:: INSTRUCTIONS FOR THE TASK ::
Repeat exactly the lines that run from the start of the records below to the line with "Matx Emolevy 10", including both of those lines but not the pictures.

++++ RECORDS ++++

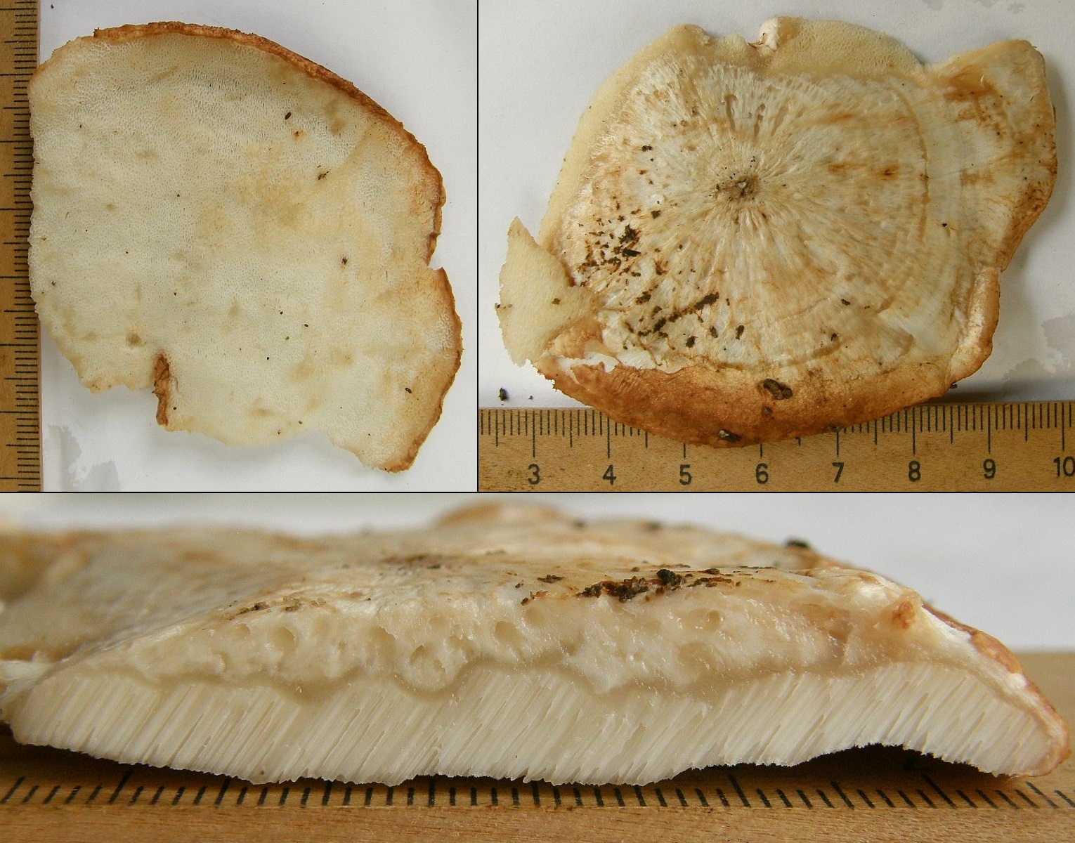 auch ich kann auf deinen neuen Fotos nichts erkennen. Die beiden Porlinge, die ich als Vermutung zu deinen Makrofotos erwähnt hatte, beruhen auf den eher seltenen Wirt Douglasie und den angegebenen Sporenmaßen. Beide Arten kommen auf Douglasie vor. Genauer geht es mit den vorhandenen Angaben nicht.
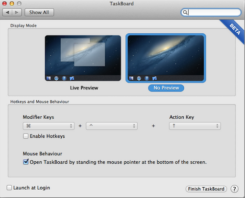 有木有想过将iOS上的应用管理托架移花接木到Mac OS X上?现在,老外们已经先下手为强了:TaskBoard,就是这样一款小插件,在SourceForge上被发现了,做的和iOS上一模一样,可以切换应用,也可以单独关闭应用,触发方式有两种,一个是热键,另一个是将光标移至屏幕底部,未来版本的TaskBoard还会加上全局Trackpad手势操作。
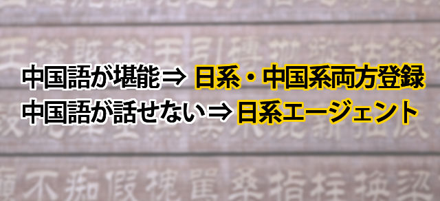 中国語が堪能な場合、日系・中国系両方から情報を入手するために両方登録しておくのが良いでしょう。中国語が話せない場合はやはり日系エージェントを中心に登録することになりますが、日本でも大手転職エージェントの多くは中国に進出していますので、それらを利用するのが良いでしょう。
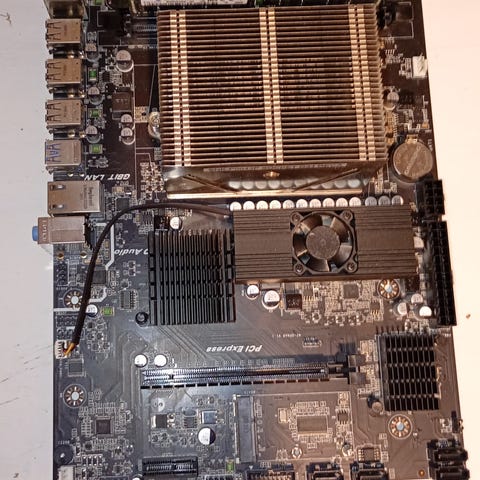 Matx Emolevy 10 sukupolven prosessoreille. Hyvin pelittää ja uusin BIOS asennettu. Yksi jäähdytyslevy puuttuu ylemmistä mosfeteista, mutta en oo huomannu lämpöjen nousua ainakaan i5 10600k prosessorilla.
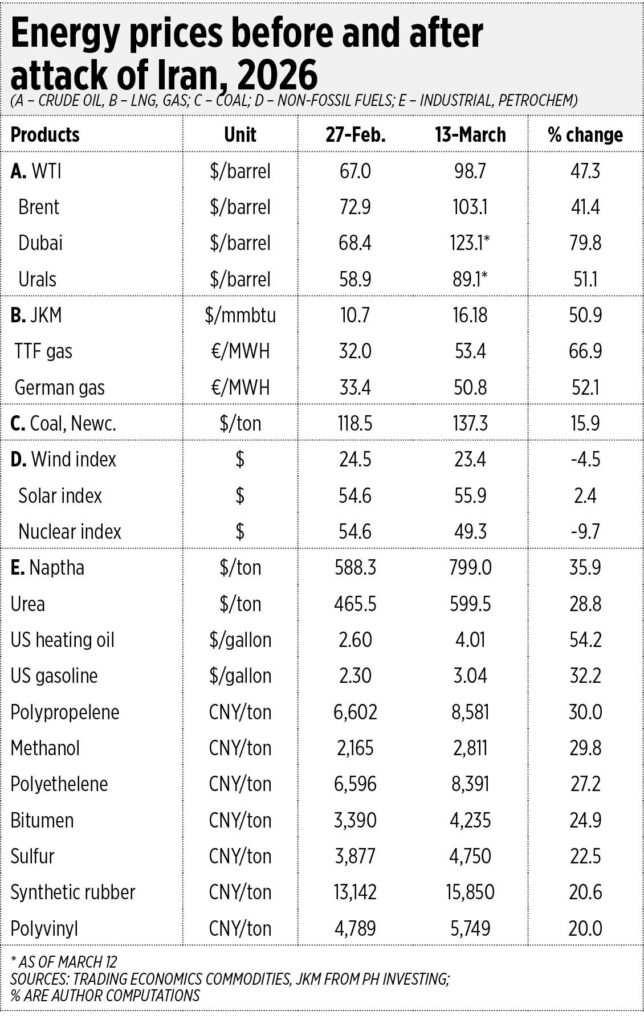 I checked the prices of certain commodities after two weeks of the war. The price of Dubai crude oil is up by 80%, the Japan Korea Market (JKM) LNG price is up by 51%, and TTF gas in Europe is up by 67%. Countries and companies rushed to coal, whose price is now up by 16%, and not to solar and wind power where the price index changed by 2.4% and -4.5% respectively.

++++

:: EXERCISE RESPONSE ::
 auch ich kann auf deinen neuen Fotos nichts erkennen. Die beiden Porlinge, die ich als Vermutung zu deinen Makrofotos erwähnt hatte, beruhen auf den eher seltenen Wirt Douglasie und den angegebenen Sporenmaßen. Beide Arten kommen auf Douglasie vor. Genauer geht es mit den vorhandenen Angaben nicht.
 有木有想过将iOS上的应用管理托架移花接木到Mac OS X上?现在,老外们已经先下手为强了:TaskBoard,就是这样一款小插件,在SourceForge上被发现了,做的和iOS上一模一样,可以切换应用,也可以单独关闭应用,触发方式有两种,一个是热键,另一个是将光标移至屏幕底部,未来版本的TaskBoard还会加上全局Trackpad手势操作。
 中国語が堪能な場合、日系・中国系両方から情報を入手するために両方登録しておくのが良いでしょう。中国語が話せない場合はやはり日系エージェントを中心に登録することになりますが、日本でも大手転職エージェントの多くは中国に進出していますので、それらを利用するのが良いでしょう。
 Matx Emolevy 10 sukupolven prosessoreille. Hyvin pelittää ja uusin BIOS asennettu. Yksi jäähdytyslevy puuttuu ylemmistä mosfeteista, mutta en oo huomannu lämpöjen nousua ainakaan i5 10600k prosessorilla.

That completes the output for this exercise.